Open the task in the dashboard and look at the run log. Every cloud task records its full transcript, including the commands it ran and the outputs. Most "mystery failures" are visible there; common causes:
- Tests requiring secrets the sandbox doesn't have.
- A custom build step (e.g. a Makefile target) that the agent didn't know to run.
- Network restrictions blocking a service the test suite needs.
The fix is usually to update AGENTS.md or the cloud task's runner config so the agent knows the right setup steps for the next run.

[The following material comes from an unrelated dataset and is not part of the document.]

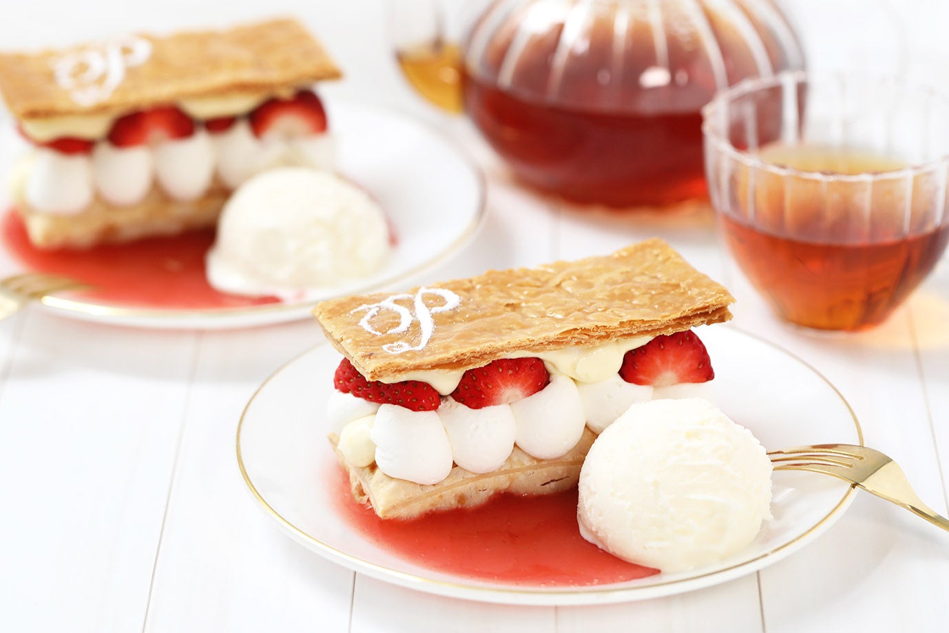 こ だ わ り:カフェ限定メニューの『ミルフィーユ Melody』と「ピネード」がセレクトした紅茶のペアリングを

This is the most common failure mode. Codex makes the test pass by changing the test, not the code under test. Read the test diffs explicitly. If a previously-passing test was modified, ask why. If the answer is "to make it green for this change," push back via a PR comment. Codex will iterate.
On Windows, the most common cause is corporate antivirus or DLP blocking the installer's outbound HTTPS. Run from a different network or get the binary from your IT-managed package source. On macOS, Gatekeeper sometimes blocks the Homebrew tap on first install. Check that brew tap openai/tap succeeded.
The GitHub App needs explicit per-repo grants from the repo's owner or an admin. Personal repos are easy; org repos with branch protection need an org admin to install the Codex GitHub App at the org level. Most "I can't connect" reports trace back to org-level install permission missing.
The sandbox can't see OS-level security prompts. If you're running a command that triggers Touch ID (e.g. some sudo via Touch ID configurations), Codex pauses indefinitely waiting for input it can't see. Either complete the prompt manually, or run the command outside Codex.
Different sandbox = different environment. The cloud's sandbox has a specific OS image, specific tool versions, specific package state. Your laptop has yours. The same prompt against the same model can produce different code if the agent senses different environments. This is a feature, not a bug. If you need parity, document the environment in AGENTS.md so both surfaces target the same shape.
Closing thought
Codex in 2026 isn't one tool. It's a pair, plus a third surface in your IDE that ties them together. The CLI is the one you reach for when you want to watch the agent work; the cloud agent is the one you reach for when you want to not watch. Both are useful, often in the same week, sometimes on the same task.
Use the CLI for tasks where presence is value. Use the cloud agent for tasks where absence is value. — TWD
The biggest mistake people make with Codex is using one mode for everything. CLI users dispatch a long-running cloud task and sit there waiting. Cloud users force a context-heavy debugging session through the PR-review loop. Both miss the point. The two surfaces exist because they map to two different relationships you have with a piece of work, and recognizing which relationship you're in is most of the practice.
For up-to-date model availability, sandbox profiles, and feature flags: developers.openai.com/codex/changelog. The pace is high; don't trust month-old documentation on specifics.